Apple CEO Tim Cook has said that, while competition from the likes of rival Samsung is tough, he still believes that Apple's ecosystem and products are "the best by far."
"The smartphone market has always been competitive," said Cook at Apple's quarterly earnings call on Tuesday, adding that the competition has changed since the launch of the iPhone. "In the beginning, RIM was the, sort of, the very strongest player because the smartphone as you know really got going in the enterprise area."
"And of course, today, out top competitor from a hardware point of view would be Samsung, married to Google on the operating system side," Cook continued.
The rivalry between Apple and Samsung has been hotting up in recent years, as the popularity of Samsung's Galaxy smartphones and tablets increases. In A recent survey of consumers' future purchase plans, Apple's iPhone lost ground to smartphones from Samsung.
"They're obviously tough competitors, but we feel that we have the best products by far," Cook asserted. "We are going to invest in innovative products, and I feel really, really confident about our product pipeline in both hardware, software and also services."
"We have the best ecosystem by far, and we're just going to keep augmenting it and making it better and better, and that shows up in both our loyalty ratings and our customer satisfaction. And so I'm feeling very good about our competitive position," he continued.
"I would just add to that that because we are not fragmented like our competition," Cook highlighted. "We can update an OS with a major release and a substantial percentage of our customers will update to the - to our latest software. We've made that very elegant and very easy."
"Also, because the usage for iOS is so much higher, when we integrate things well, people use them a lot more. And so, just those concepts by itself are huge advantaged from a customer experience point of view."

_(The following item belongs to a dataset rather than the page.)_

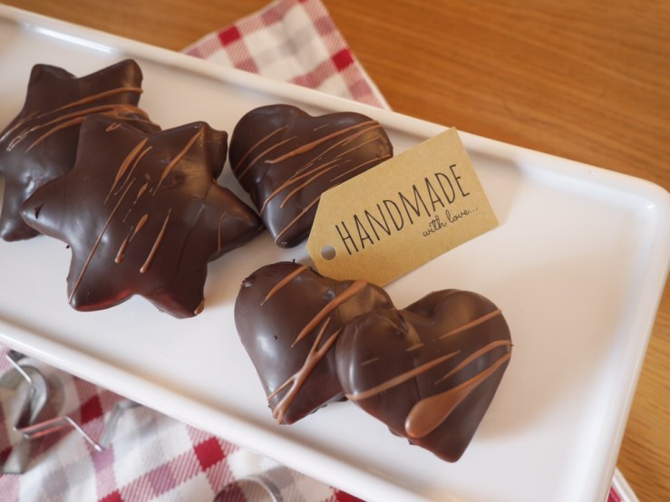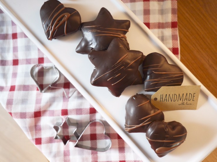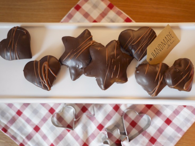 3. Für die dunkle Kuchenglasur den Guss im Wasserbad erhitzen und die Lebkuchen damit komplett umhüllen, auf ein Abtropfgitter legen und abkühlen lassen.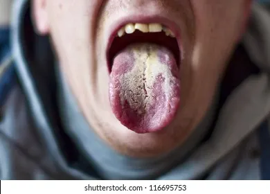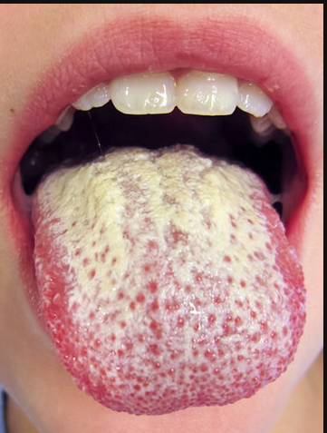 white coat: small amount of biofilm blocking your cells in the digestive system. pooping is already no longer fun.

On the eve of Samsung's Galaxy S4 launch, Apple senior vice president of worldwide marketing Phil Schiller criticised Google's Android and Samsung in two separate interviews, for being fragmented and giving users an experience that "isn't as good as an iPhone."
In the interviews, Schiller referenced Google's own research to blast Android and play down iPhone rivals. "With their own data, only 16 per cent of Android users are on year-old version of the operating system. Over 50 per cent are still on software that is two years old. A really big difference."
On the other hand, more than half of iOS devices have the latest version of the mobile operating system installed.